Hollande va encore s'étouffer, Macron a encore dopé la Russie
Dans un sens on n'est pas surpris, c'est plutôt le Macron aux accents guerriers qui nous avait surpris. Alors qu'on sait que jusqu'en 2020 il a vendu des armes à son "ami" Poutine, mais il n'est pas le seul, 9 autres pays européens aussi. C'est le même Macron qui entretenait d'excellentes relations avec le président russe, l'appelait régulièrement, des appels qui ont cessé en juin 2022 parce que Moscou ne prenait plus Paris au téléphone. C'est le même qui est allé voir Poutine quelques jours avant le déclenchement de la guerre en pensant naïvement qu'il avait de l'influence sur lui.
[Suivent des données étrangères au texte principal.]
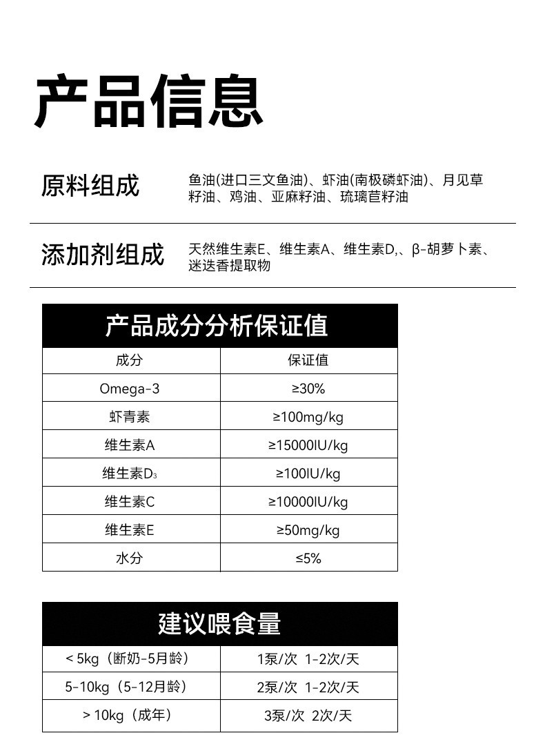 크릴 심해 물고기 기름 오메가 3 고양이 개 머리 방지 애완 동물 특별한 레시틴 머리 250ml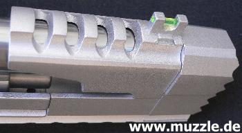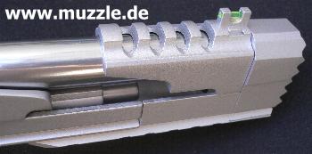 Visierung: Die “HiCapa 7 Dragon B” ist mit einer seiten- und höhenverstellbaren Kimme bestückt. Das Korn besteht aus umge bungslichtbündelndem Kunststoff wodurch ein selbstständiger Leuchteffekt entsteht. Dadurch wird das Zielen auch bei nicht perfekt ausgeleuchtetem Schießstand erleichtert.

Tout ça pour dire que le discours guerrier du 26 février n'aura été qu'un feu de paille pour faire sensation devant la dite Communauté internationale et au passage se donner une dorure gaullienne qui fait toujours son effet en France mais que Macron n'aura jamais. Cette insoutenable légèreté du chef de l'Etat français, sur des sujets très graves, c'est ce que lui reproche régulièrement son prédécesseur François Hollande…
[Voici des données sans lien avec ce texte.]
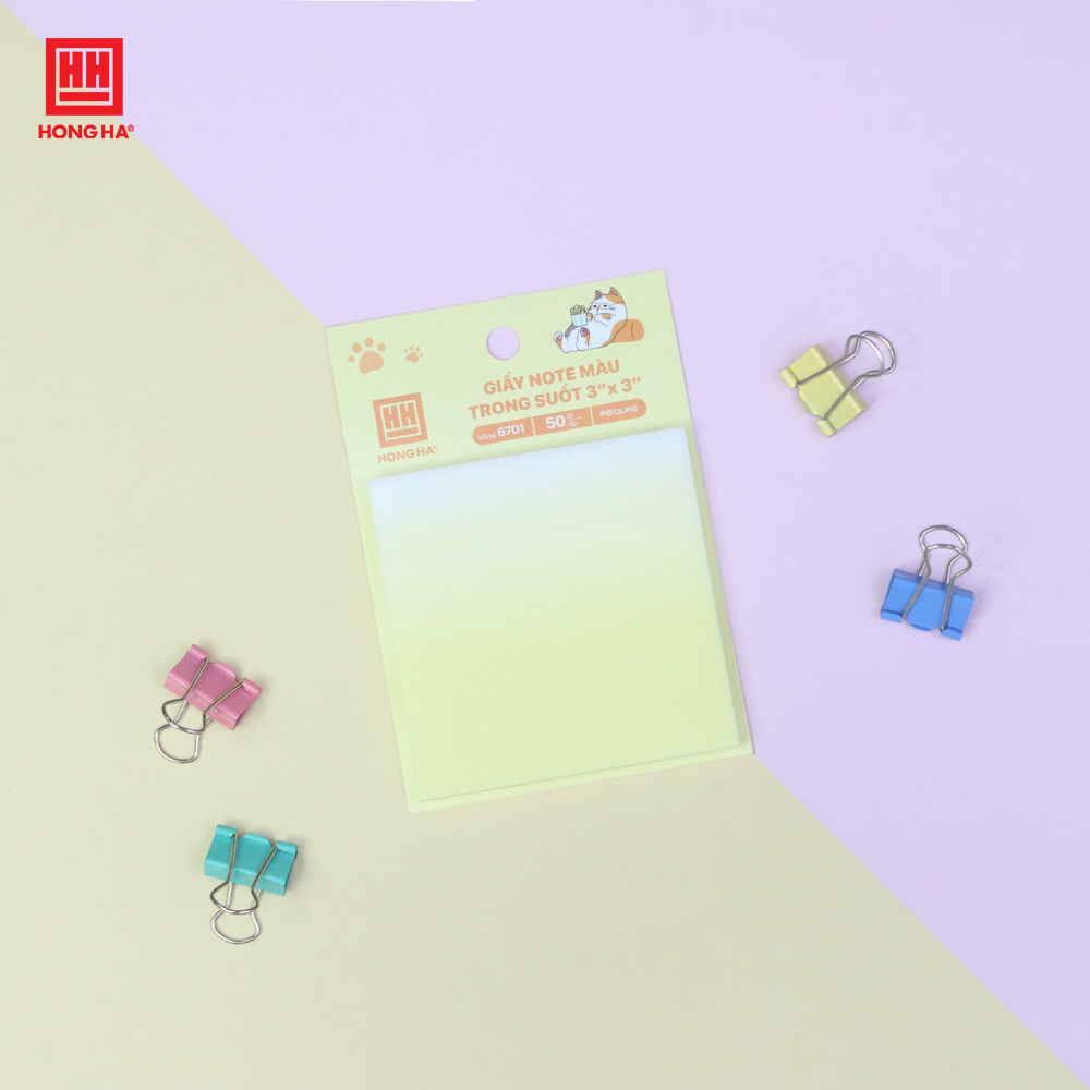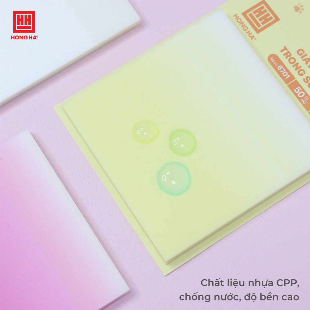 Giấy note màu trong suốt Hồng Hà - 6701 được làm từ chất liệu nhựa PCC trong, bền đẹp và chống nước nhẹ, giúp ghi chú rõ ràng mà không che mất nội dung bên dưới. Sản phẩm gồm nhiều màu sắc tươi sáng, hỗ trợ phân loại thông tin hiệu quả, phù hợp cho học tập và công việc. Keo dán chắc chắn, dễ tháo gỡ mà không làm hỏng bề mặt giấy.

Il reproche à l'actuel président de trop en dire à Poutine sur ce que la France fera ou ne fera pas. Ce fut le cas quand Macron a asséné publiquement qu'elle n'utilisera jamais l'arme nucléaire contre la Russie, ce qui dans la tête du maître du Kremlin a fonctionné comme un blanc-seing. On a vu ce qu'il en a fait en grignotant chaque jour un peu plus de mètres carrés ukrainiens.
Quand Macron a dégainé qu'il n'excluait pas d'envoyer des troupes sur le sol ukrainien Hollande lui a fait la leçon en lui disant qu'il ne faut pas dévoiler toute sa stratégie devant Poutine. L'exécutif vient de faire pire en annonçant qu'il n'était pas question de croiser le fer avec l'armée russe. J'en connais un qui exulte en ce moment même : Poutine. Et quand il est content c'est un très mauvais signe pour les malheureux Ukrainiens…
Ne rien dire était bien mieux pour le moral des Ukrainiens et pour la guerre psychologique contre Moscou que cette reculade, cette débandade. Cette fois ce n'est pas Macron qui l'assume, c'est son ministre de la Défense mais les dégâts sont les mêmes. Le président français a encore raté une occasion de se taire. Hollande va encore s'étouffer.